3. WHAT other criteria that OSHA or NFPA 79 (was it ??) that would apply to this?

IF I am going to get into this business I want to learn it right and make my mistakes in a safe school setting under controlled conditions. I have already seen my share of accidents and don't need any more.

Would like your thoughts and input.

Thanks
Dan Bentler

My $.02

#1, yes, but you may want the operator to only be able to get at the tooling when the drill is out of the part and at a home position.

#2, not in my experience, but a safety relay with a light curtain or door interlock should be used.

#3, Anymore I just go to the plant safety department, show them the application and the FMEA, and let them tell me what safety guidelines to use. It saves me time guessing because each plant is different. Plus, they feel like they are involved from the beginning (they are) and machine runoffs get a lot easier when they come in to approve the equipment.

Hope that helps.

Dan,

The degree of protection should always be proportional to the danger. If it is a life-threat such as you have in some Army nitroglycerine and TNT plants, then it is a different ball game. For those types of sfety threats, PLCs are NOT relied on.

If it is a danger to fingers and hands, I always try to put the equipment behind a fence or enclosure, and then install gates and gate switches that put the machine in a safe condition anytime the gate is opened. The gate switches should trigger the machine control circuit to stop the machine, not the PLC, but they are allowed to go to the PLC also to tell it what is going on. If you have this type of guarding, then it will be kosher to use a Machine Hold switch to stop the machine using a PLC, because once the operator enters the gate, the machine controls will always be in the safe mode regardless of what the PLC is doing or not doing, even if the operator forgets to push the Machine Hold button. This is a redundant circuit and what you want when dealing with safety issues.

If a guarded enclosure is not practical, then the next best thing is a "light curtain" that shuts off (or puts in Safe mode) the machine.

There are many things that you can do.

Some are covered and some aren't by OSHA/NFPA.

The light curtain could trip a master relay supplying some or all of the outputs, or you could have a small disconnect switch to disable some portions of the machine for suchservicing.

If you could figure out what to search, there have been quite a few threads in the past. Many have gone into extensive graet detail on chapter and verse. Some cover common sense.

You can only make the operators and repair people as safe as they want to be. And you can go crazy trying to figure out some of the regulations, or what is actually applicable.

So, figure out what you are trying to accomplish.

Determine if the program hold is a good idea. I don't like the idea of it, but don't use anything like that. So don't take my word on that one.
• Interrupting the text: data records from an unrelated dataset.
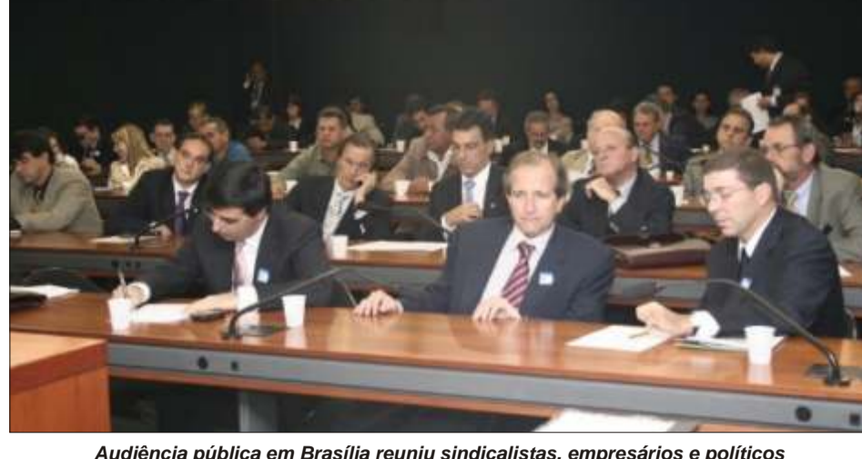
Audiência pública em Brasília reuniu sindicalistas, empresários e políticos

Na primeira metade deste ano estivemos presentes em vários eventos importantes para o fortalecimento da nossa categoria, como a Audiência Pública do setor do vestuário em Brasília e o Seminário da Juventude da Conacocvest da Região Sudeste
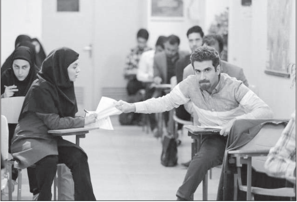
عکس‌نمایش آسرایان در سینما
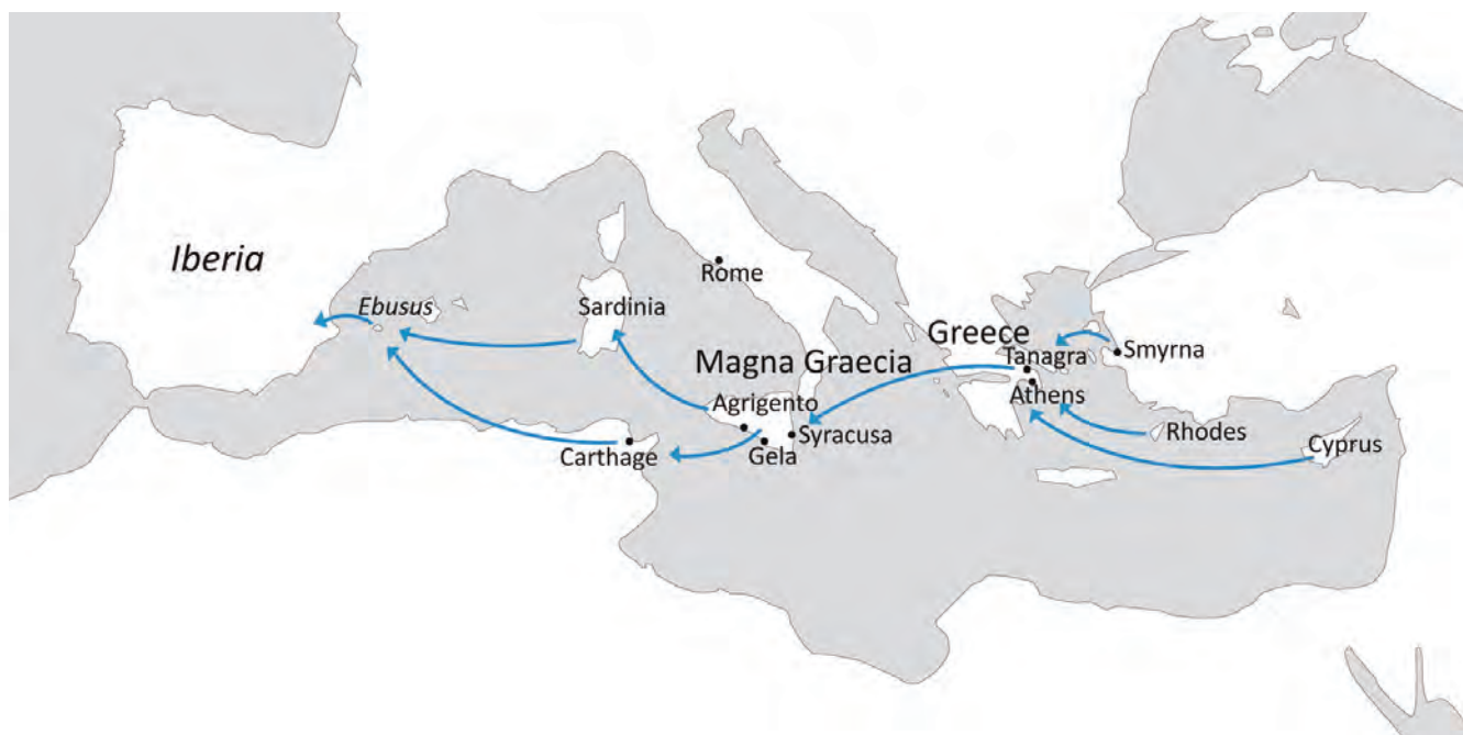
Figure 4. Distribution map of the manufacture of terracotta objects in the Ancient Mediterranean.

ners in the form of female heads – was adopted and assimilated by the Punic cities. From these, they spread to Carthage, Sardinia, Ebusus (Ibiza) and Iberia (fig 4).
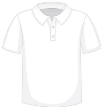
Polo ou chemise* blanc uni et sans motif *vêtement avec col
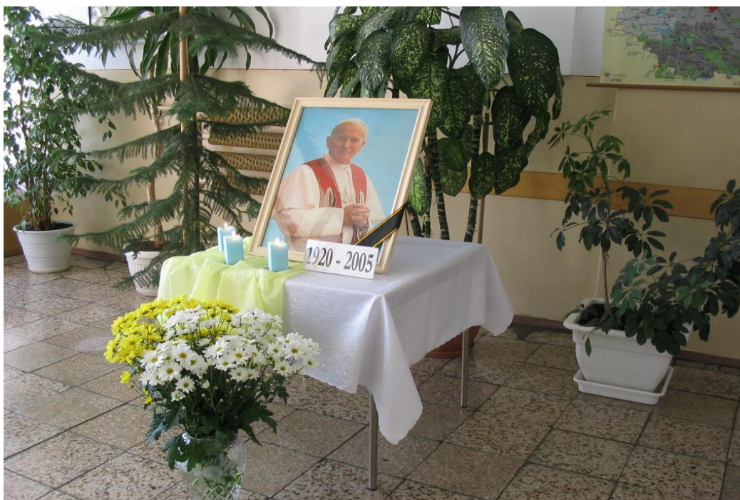
Hall urzędu w okresie żałoby.

Kolejny tragiczny dzień – tym razem dla całej Polski. Dnia 02 kwietnia o godz. 21.37 kończy życie Wielki Polak – Papież Jan Paweł II - HONOROWY OBYWATEL GMINY RYPIN.
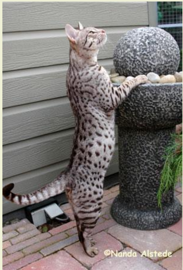
Mischa Grob Cattery Meulicats

Denzel was invited to for a photo shoot for Rodi Petfood. We wait with interest when he will appear on the packaging of Rodi Petfood. In the beginning of 2009 there was also a photo shoot (Over Dieren) his pictures appears in a book of Cats and Kittens. A nice picture is shown in Mundikat magazine and Nanda Alstede wrote a nice story.
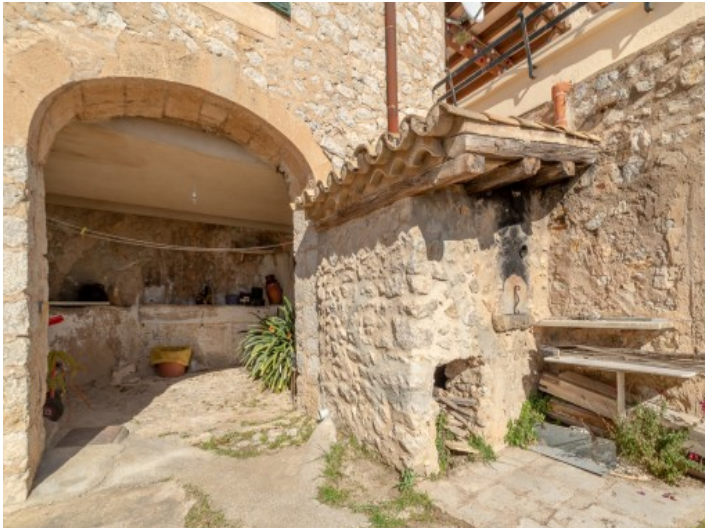
Außenbereich mit Steinofen
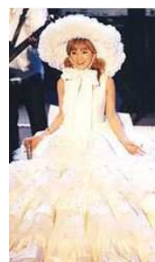
浜崎のステージ地獄絵図

た。歌唱指導の中島早紀先生も「練習してうまくなるタイプですね。1回教えたから次に教えるまでの間に、前回教えたことをほぼ完璧にしてくる。すごい努力家だ」と褒める。将来が楽しみな本格歌手のタマゴだ。
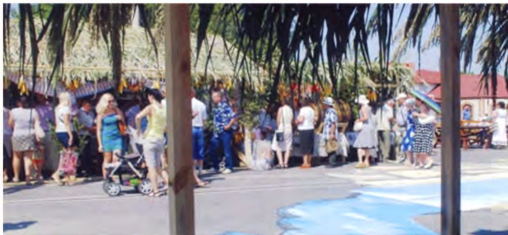
Рис. 16. Торговые ряды на фестивале «Мотальскія прысмакі» в агрогородке Мотоль Ивановского района. 2013 г.

Деловой туризм – путешествие со служебными или профессиональными целями: участие в научных семинарах и конференциях, производственных совещаниях, ярмарках, выставках и др. Популярными становятся по-
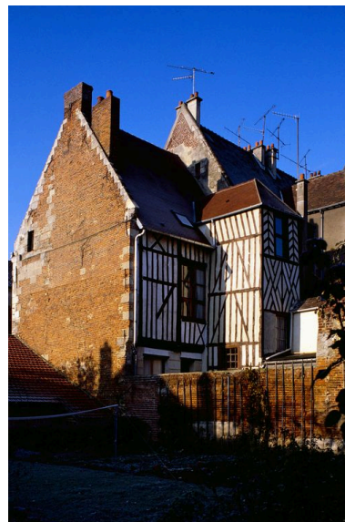
Elévation postérieure.
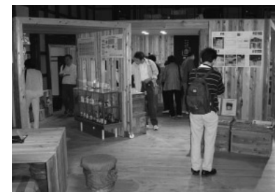
写真2 直源醤油のもろみ蔵の活用
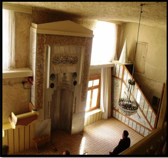
Şekil 21. Taş Mescit
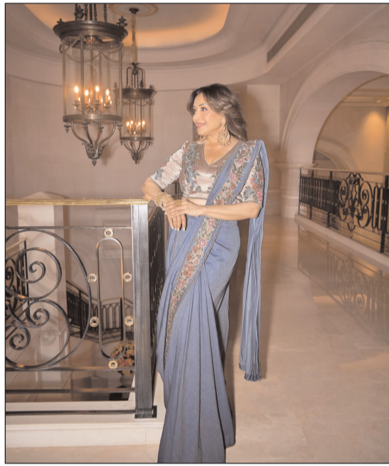
59 की उम्र में भी माधुरी की जवानी झलकती है

हम उस दिन गर्व करेंगे, जब शहर के घरों पर फिर गौरव्या चहकेगी, विलुप्त होते जीव फिर से जंगल के रौनक बनेंगे। एनएच के किनारे-किनारे धूप से राहत के लिए हरियाली दिखेगी, सीसी रोड के अगल-बगल में पाताल में पानी जाने के लिए उपाय किए जाएंगे। जब वातावरण में प्लास्टिक का एक टुकड़ा भी नहीं दिखेगा। गांव-गांव जलाशय, तालाब, कुएं दिखेंगे और हमें हर जगह 10 फीट पर पानी उपलब्ध होगा। जंगल कटने से वीरान धरती फिर हरियाली से आच्छादित होगी। जब हमारी दैनिक दिनचर्या में प्रकृति का संरक्षण और संवर्धन प्राथमिकता में होगा तो वह दिन दूर नहीं, जब माँ भारती की आंचल में स्वच्छ, सुंदर और हरित पर्यावरण दिखेगा।
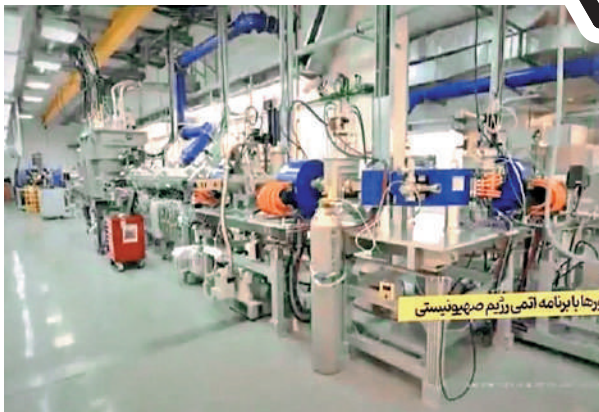
▲伊朗國家電視台24日公布以色列迪莫納核基地的內部照片。網絡圖片

核設施進行透明、公正的監督。 此外，以色列25日對也門首都薩那胡塞武裝據點進行空襲，當地傳出多次爆炸聲。以色列國防部長卡茨表示，這是報復胡塞武裝23日對以色列紅海度假勝地埃拉特一家酒店發動無人機襲擊，造成20人受傷。 （綜合報導）
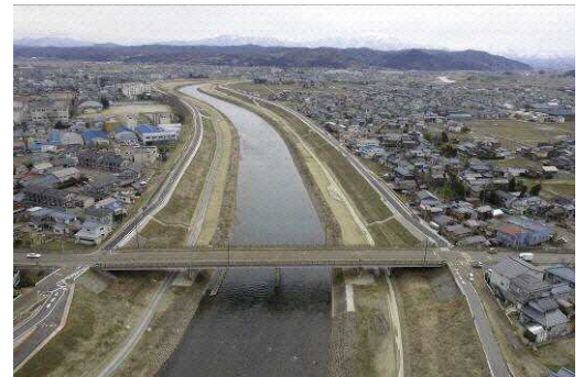
復旧した五十嵐川

さらに、これまで五十嵐川河川敷で行われていた凧合戦などのイベントを、災害以降は信濃川河川敷の競馬場跡地で行っており、三条・燕総合グラウンドとの一体的な利用の中で、交流拠点としての強化が求められている。
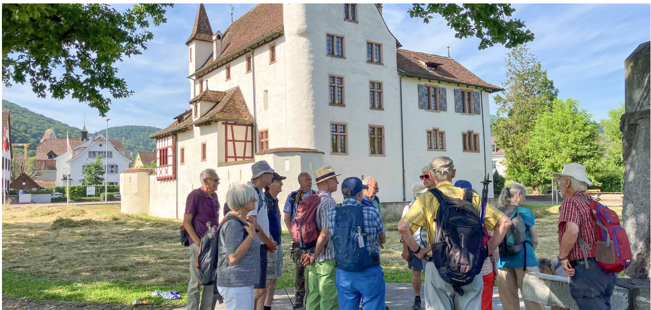
NPV-Mitglieder vor dem Wasserschloss Pratteln
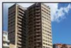
Untzaga Kontsultatu Guztiz berritua. 4 logela, 3 komun, jangela, sukaldea. Trasteroa. Egongela Untzagara begiratzen duen balkoiarekin.
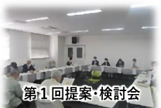
第1回提案・検討会
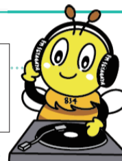
エフエム世田谷のキャラクター「DJせたハチ」▶
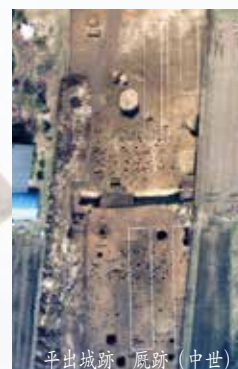
平出城跡 既跡(中世)
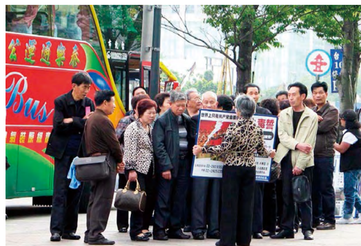
图：许多大陆游客在台湾观看法轮功真相图片并“三退”保平安。

近几年来，北美、欧洲、大洋洲、亚洲各大城市旅游点都有退党中心义务工作人员为大陆游客办理“三退”服务。在欧洲、香港、东南亚地区，出现了中国大陆游客整团、整车退党的现象。出国旅游的相当部分人士是中共各级官员。
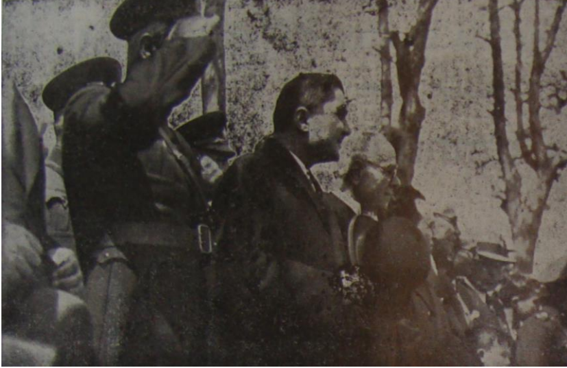
Resim 1: 29 Ekim 1938 yılı Cumhuriyet Bayramı Resmi Tören Alanı

Make sure if you use a light curtain, that you want an automatic reset of operation or a manual reset (like a full or partial master control relay).

Provide some kind of lockout, to aid in troubleshooting the machine or be able to manually step the machine without full lockout, but have full lockout available.

Determine what safety aspects are required, what are needed, and what are desired.

Talk to the plant safety officer (if you have one), he should have all legal requirements somewhere. (Though I have yet to run across one that really did).

Ask lots of questions.

Always design to err on the safety or fail safe side. Use energize to run or operate. If power drops, so does operation.

As always, e-stop kills everything. Certain zones or functions can have "equipment" stops.

regards.....casey

Cycle Stop

What I see on MOST CNC machines is that Cycle Stop is a 'Machine Lock' IE. the program counter is stored and all axes are locked (0 Volts to motor controls, but still energized), coolant off, ETC.

The operator then has the ability to go to Manual Mode and jog any axis to clear debris, change out tooling, ETC.

When satisfied, the operator re-enters Auto Mode and hits Cycle Start. The machine assumes the co-ords when Cycle Stop was commanded and resumes programmed operation. Otherwise you issue an M00 (rewind to beginning) and drill air for awhile.
This also HELPS prevent scrapping a valuable blank part ( scrapped two 4' x 8' x 1" blanks AND an $800 tool two weeks ago!)

As an aside:
1)On your new machine are you going to use 'pecking'?
2)When you change out a drill bit, how do you determine if the new bit is the same length as the old one?
3)Will you have 'Dry Run Mode', whereby the X and Y axes move but the spindle and coolant are off and Z axis doesn't move?
These are REAL WORLD concerns and overkill for homework - but....

Incorprating all of these could give you a salable machine.

*Note* I did not address the safety issues. I've NEVER seen a light curtain surrounding a knee mill or drill press. Punches, presses and shears - yes.

Rod (The CNC dude)

leitmotif said:

The engineers stated that would confuse the program

Click to expand...

You should be able to program it so it can't be confused. That was lazy or incompenant engineering.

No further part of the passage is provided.